(Stored data)
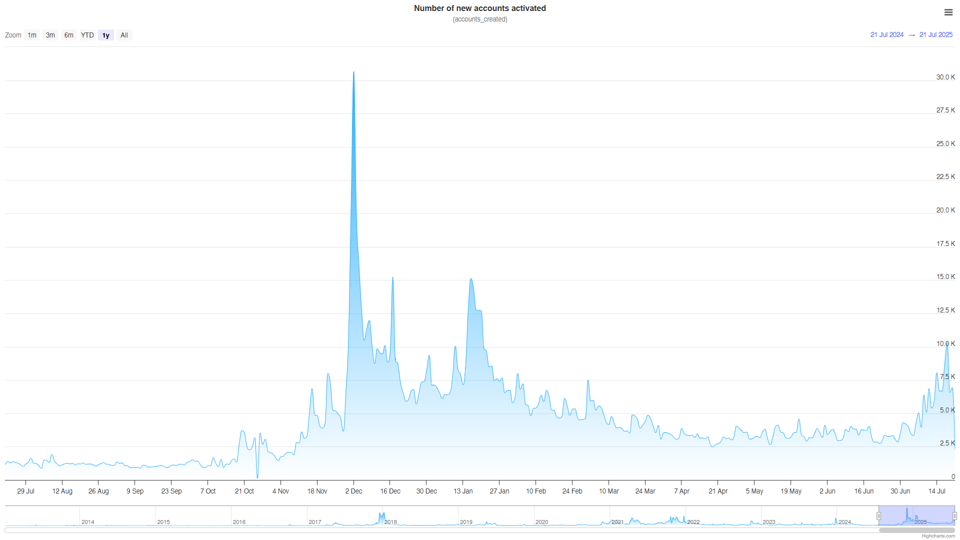 Tanda pertama dan paling jelas dari pertumbuhan XRP adalah jumlah akun baru yang diaktifkan di XRPL. Menurut data dari XRPScan, jumlah akun baru melampaui 10.000 pada 18 Juli, menandai total harian tertinggi sejak Februari.
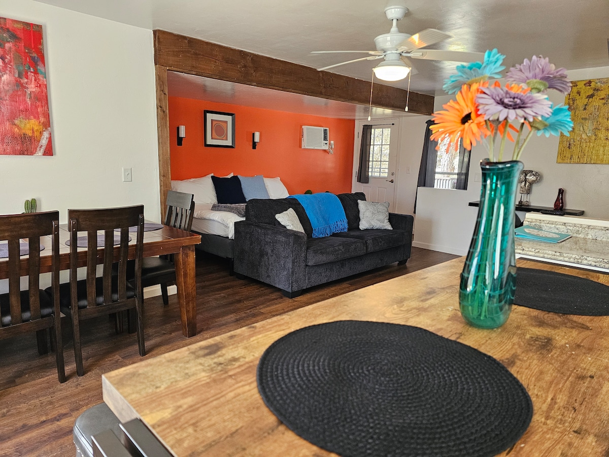 Sunrise Suite nằm cách trung tâm thành phố Prescott và Whiskey Row nổi tiếng 3 dặm. Gần khu mua sắm, ăn uống, đường mòn đi bộ đường dài và hồ. Tận hưởng sự yên bình và yên tĩnh từ một boong riêng trong khi tận hưởng ánh nắng mặt trời đẹp từ Airbnb độc đáo của chúng tôi. Phòng riêng này, ngủ 2 người thoải mái, bao gồm, BBQ, bếp nhỏ, bàn ăn/không gian làm việc và khu vực thư giãn để đọc sách. Thêm không gian trong nhà để khóa xe đạp hoặc thuyền kayak của bạn. Đặt một tour tham quan mỏ lịch sử với Bill theo trải nghiệm Airbnb. Cuộc phiêu lưu bắt đầu từ đây!
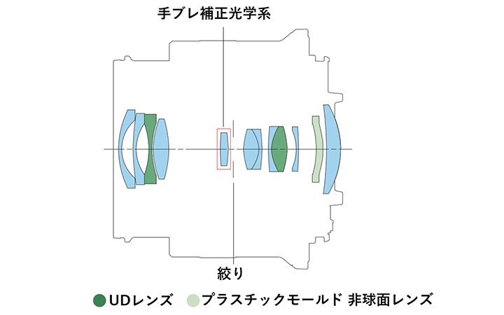カメラ側の電子歪曲収差補正を生かした小型・軽量設計により、質量約150g、全長約44.9mm(収納時)の優れた携帯性を実現しています。また、2枚の「UDレンズ※1」、1枚の「プラスチックモールド非球面レンズ」を含む10群12枚のレンズ構成により、レンズ枚数を抑えた小型・軽量設計と優れた描写性能を両立しています。さらに、「UDレンズ」の効果的な配置により、ズーム全域で色収差を補正し、画面全体での高画質を実現しています。
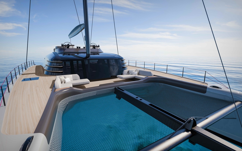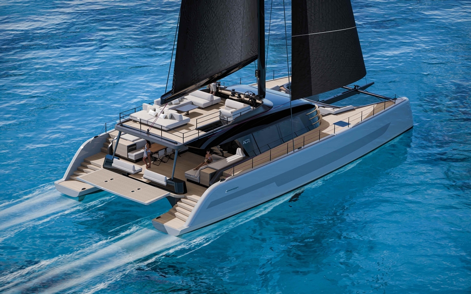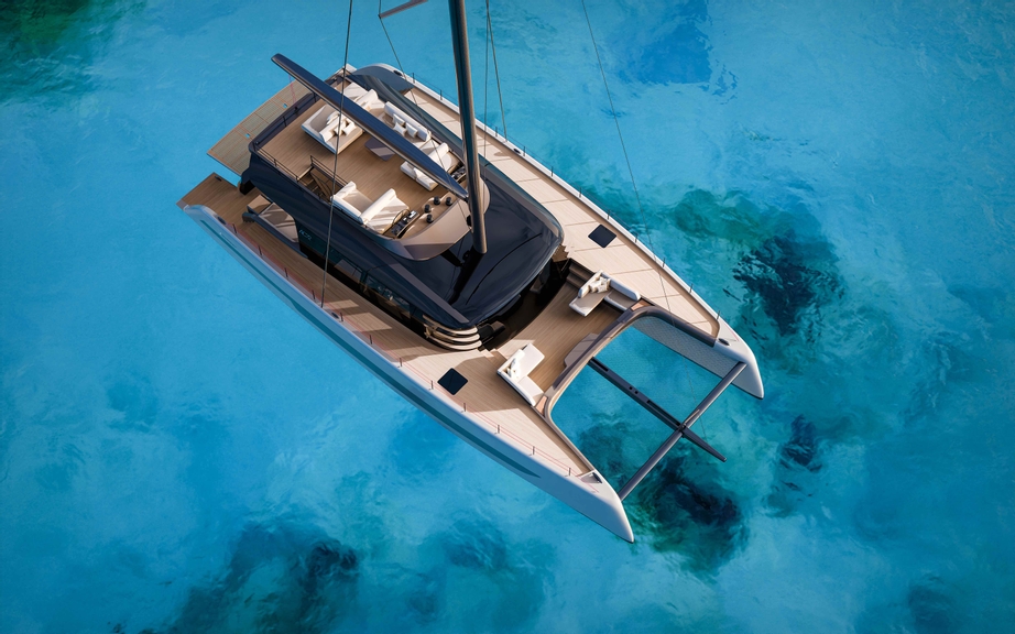 The 72ft cruising cat includes an expansive saloon unmatched in large cruising catamarans, an “aft beach” stretching the full 10-metres beam, and a forward cockpit to enjoy private relaxation. A careful modelling process allowed for 360-degree visualization from the saloon seats, confirming pleasant and natural light in all areas to make the yacht inviting and atmospheric. Indoor/outdoor living is delivered in true Italian fashion through the broadest possible 3-section saloon doors. A reimagined flybridge allows the helmsman, family, and guests to engage in the sailing and social time altogether.
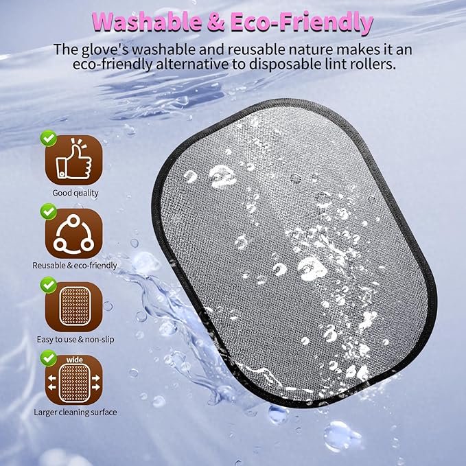 - 【Reusable & Easy to Clean】 Our pet hair removal glove is a sustainable choice for pet owners, as it is washable and reusable. Say goodbye to wasteful sticky papers and lint rollers while saving money and reducing your environmental impact. Cleaning is effortless—simply shake off the debris or rinse under water for repeated use.

What the exercise asks: Write the lines from the one containing "The 72ft cruising" through the end of the data above exactly as they appear, and do not carry over any picture.

Solution:
 The 72ft cruising cat includes an expansive saloon unmatched in large cruising catamarans, an “aft beach” stretching the full 10-metres beam, and a forward cockpit to enjoy private relaxation. A careful modelling process allowed for 360-degree visualization from the saloon seats, confirming pleasant and natural light in all areas to make the yacht inviting and atmospheric. Indoor/outdoor living is delivered in true Italian fashion through the broadest possible 3-section saloon doors. A reimagined flybridge allows the helmsman, family, and guests to engage in the sailing and social time altogether.
 - 【Reusable & Easy to Clean】 Our pet hair removal glove is a sustainable choice for pet owners, as it is washable and reusable. Say goodbye to wasteful sticky papers and lint rollers while saving money and reducing your environmental impact. Cleaning is effortless—simply shake off the debris or rinse under water for repeated use.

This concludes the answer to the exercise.